1Friedhelm Klein  06.06.2019 16:28:31  More strict Server Certificate handling in iOS 13 macOS 10.15

Fortunately the Let's Encrypt certificates have Extended key usage properly set and no issue with an expiration too far in future as they are replaced every 3 months. One more good reason to use LE4D on Traveler servers.
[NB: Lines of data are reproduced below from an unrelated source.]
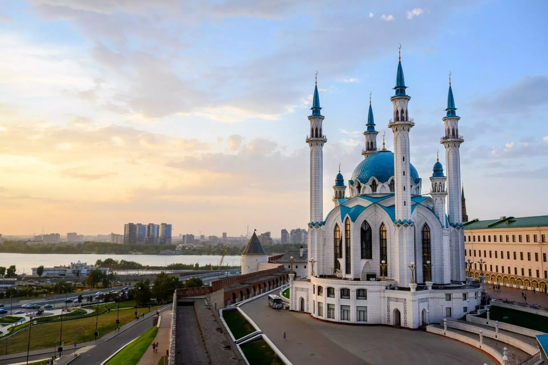Мечеть Кул-Шариф — главная мечеть Татарстана и одна из крупнейших в Европе. Ее построили в 2005 году на месте старинной мечети, разрушенной в годы СССР. Большой белокаменный купол, увенчанный золотым полумесяцем, и устремляющиеся ввысь минареты высотой 57 метров смотрятся величественно и торжественно.
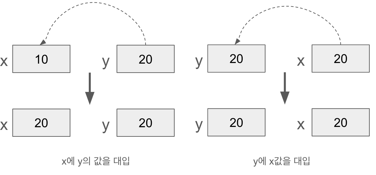 그리고 x에 y를 대입하고, 임시변수에 저장된 x의 값을 y에 저장하면 교환이 완료된다.int x = 10; int y = 20; int tmp;- 이후 순서는 아래 그림과 같다.
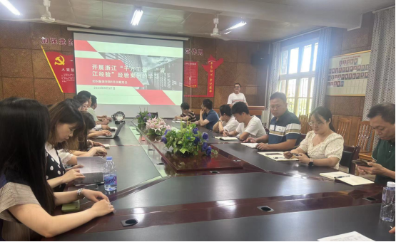 活动第一项内容——深入学习习近平总书记对“千万工程”、“浦江经验”的两个案例的重要批示精神。何斌对“千村示范、万村整治”工程进行介绍,梳理了“千万工程”的主要做法和经验启示,并强调要学习运用浙江“千万工程”经验和“浦江经验”,落实公司公司的要求,学思用贯通、知信行统一,提升政治能力、思维能力、实践能力,推动主题教育走深走实,切实把学习成效转化为解决问题、推动发展的实际行动。
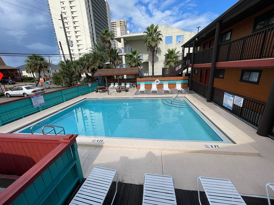 Walk to Pier Park and the beach! Cute 1 bedroom, 1 bath top floor condo (2nd floor) with covered balcony overlooking Lullwater Lake. Community pool and coin operated laundry facility. Water, sewer, garbage, basic cable, internet, pest control and ac filters are provided by the HOA. NO PETS
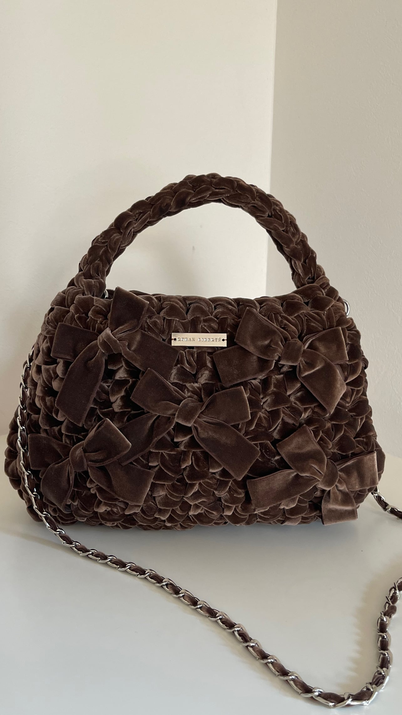高級感溢れるベロアリボンを使用し 1点1点手編みでお作りしています。

Thanks to Detlev Pöttgen for the great tool.

2Daniel Nashed  06.06.2019 17:41:38  More strict Server Certificate handling in iOS 13 macOS 10.15

@Friedhelm, really sounds like Apple wants to push LetsEncrypt ;-) And does not like commerical certficates.

Too bad that we cannot use LetsEncrypt internally for servers without public DNS entries ..

Having a ACME implementation that talks to a customer's Microsoft CA would be way cool!

And that would allow us to use the same certificate handling for Domino, Docker any everything.

And you never run into challenges again to request and deploy certificates ;-)

-- Daniel

3Adri  23.08.2019 4:25:53  More strict Server Certificate handling in iOS 13 macOS 10.15

Thanks for your article!

I have a question for you, if I have an internal server for development without a public IP address, can I still get a trusted certificate?

I tried creating one with these requirements and using the servers ip as the dns name and it can't be verified when installed on the iphone.